In [21]:
spark.stop()

In [25]:
from pyspark.sql import SparkSession 
from pyspark import SparkContext, SparkConf
from pyspark.sql.types import StringType,IntegerType, StructField, StructType

spark = (
    SparkSession.builder.appName('Axis-pyspark-refresher')\
    .config('spark.sql.seesion.logLevel','WARN')\
    .config('spark.executor.instances', '2')\
    .config('spark.executor.cores', '4')\
    .config('spark.executor.memory', '4g')\
    .config('spark.driver.memory','2g')\
    .enableHiveSupport()\
    .getOrCreate()
)


In [29]:
emp_schema = StructType(
    [
        StructField(name='emp_id',dataType=IntegerType(),nullable=False),
        StructField(name='name', dataType=StringType(), nullable=False),
        StructField(name='age', dataType=IntegerType(), nullable=False),
        StructField(name='dept_id', dataType=IntegerType(), nullable=True)
    ]
)

emp_data = [
    (1, "John Doe", 28, 101),
    (2, "Jane Smith", 34, 102),
    (3, "Michael Johnson", 45, 103),
    (4, "Emily Davis", 25, 101),
    (5, "Sarah Wilson", 29, None)
]

dept_schema = StructType(
    [
        StructField('dept_id',IntegerType(),False),
        StructField('dept_name',StringType(),False),
    ]
)

dept_data = [
    (101, "Sales"),
    (102, "Marketing"),
    (103, "Finance"),
    (104, "HR")
]

In [30]:
emp_df = spark.createDataFrame(data=emp_data, schema=emp_schema)
dept_df = spark.createDataFrame(data=dept_data, schema=dept_schema)

In [44]:
emp_df.join(dept_df, emp_df.dept_id == dept_df.dept_id, 'inner').show()

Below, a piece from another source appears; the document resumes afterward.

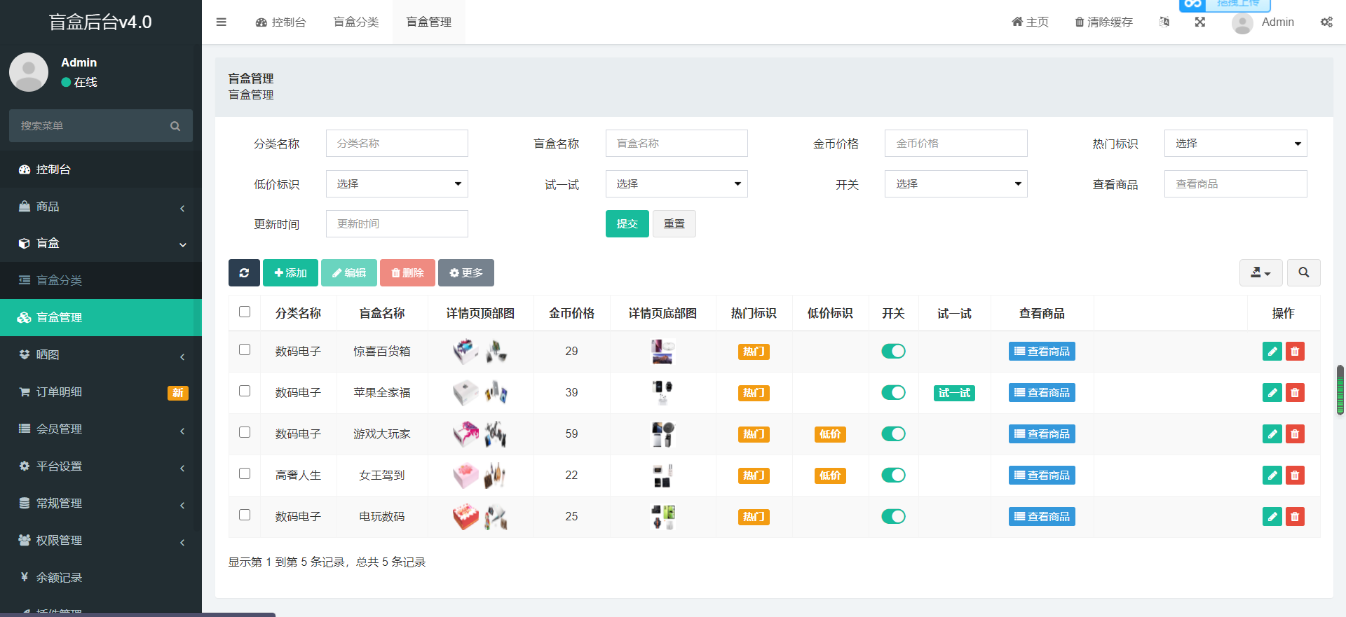 含充值3级分销,盲盒回收成余/额功能/晒图/盲盒转增功能。

+------+---------------+---+-------+-------+---------+
|emp_id|           name|age|dept_id|dept_id|dept_name|
+------+---------------+---+-------+-------+---------+
|     1|       John Doe| 28|    101|    101|    Sales|
|     4|    Emily Davis| 25|    101|    101|    Sales|
|     2|     Jane Smith| 34|    102|    102|Marketing|
|     3|Michael Johnson| 45|    103|    103|  Finance|
+------+---------------+---+-------+-------+---------+



In [50]:
from pyspark.sql.functions import lit, col

In [53]:
emp_df.union(emp_df.select('emp_id','name','age',lit(None).alias('dept_id'))).show()

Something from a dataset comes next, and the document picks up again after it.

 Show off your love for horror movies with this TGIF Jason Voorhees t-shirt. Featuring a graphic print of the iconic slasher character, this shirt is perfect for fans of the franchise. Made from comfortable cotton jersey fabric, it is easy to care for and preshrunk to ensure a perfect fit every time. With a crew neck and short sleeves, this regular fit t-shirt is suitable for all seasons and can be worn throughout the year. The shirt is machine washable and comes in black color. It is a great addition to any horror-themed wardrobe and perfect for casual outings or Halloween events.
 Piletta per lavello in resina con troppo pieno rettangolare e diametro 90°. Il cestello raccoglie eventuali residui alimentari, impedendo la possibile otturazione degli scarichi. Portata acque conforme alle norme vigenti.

+------+---------------+---+-------+
|emp_id|           name|age|dept_id|
+------+---------------+---+-------+
|     1|       John Doe| 28|    101|
|     2|     Jane Smith| 34|    102|
|     3|Michael Johnson| 45|    103|
|     4|    Emily Davis| 25|    101|
|     5|   Sarah Wilson| 29|   NULL|
|     1|       John Doe| 28|   NULL|
|     2|     Jane Smith| 34|   NULL|
|     3|Michael Johnson| 45|   NULL|
|     4|    Emily Davis| 25|   NULL|
|     5|   Sarah Wilson| 29|   NULL|
+------+---------------+---+-------+



In [63]:
emp_df_repartitioned = emp_df.repartition(200)

In [59]:
emp_df_repartitioned.describe().show()

24/11/02 20:49:51 WARN SparkStringUtils: Truncated the string representation of a plan since it was too large. This behavior can be adjusted by setting 'spark.sql.debug.maxToStringFields'.


+-------+------------------+------------+-----------------+------------------+
|summary|            emp_id|        name|              age|           dept_id|
+-------+------------------+------------+-----------------+------------------+
|  count|                 5|           5|                5|                 4|
|   mean|               3.0|        NULL|             32.2|            101.75|
| stddev|1.5811388300841898|        NULL|7.854934754662192|0.9574271077563339|
|    min|                 1| Emily Davis|               25|               101|
|    max|                 5|Sarah Wilson|               45|               103|
+-------+------------------+------------+-----------------+------------------+



In [64]:
emp_df_repartitioned.rdd.getNumPartitions()

200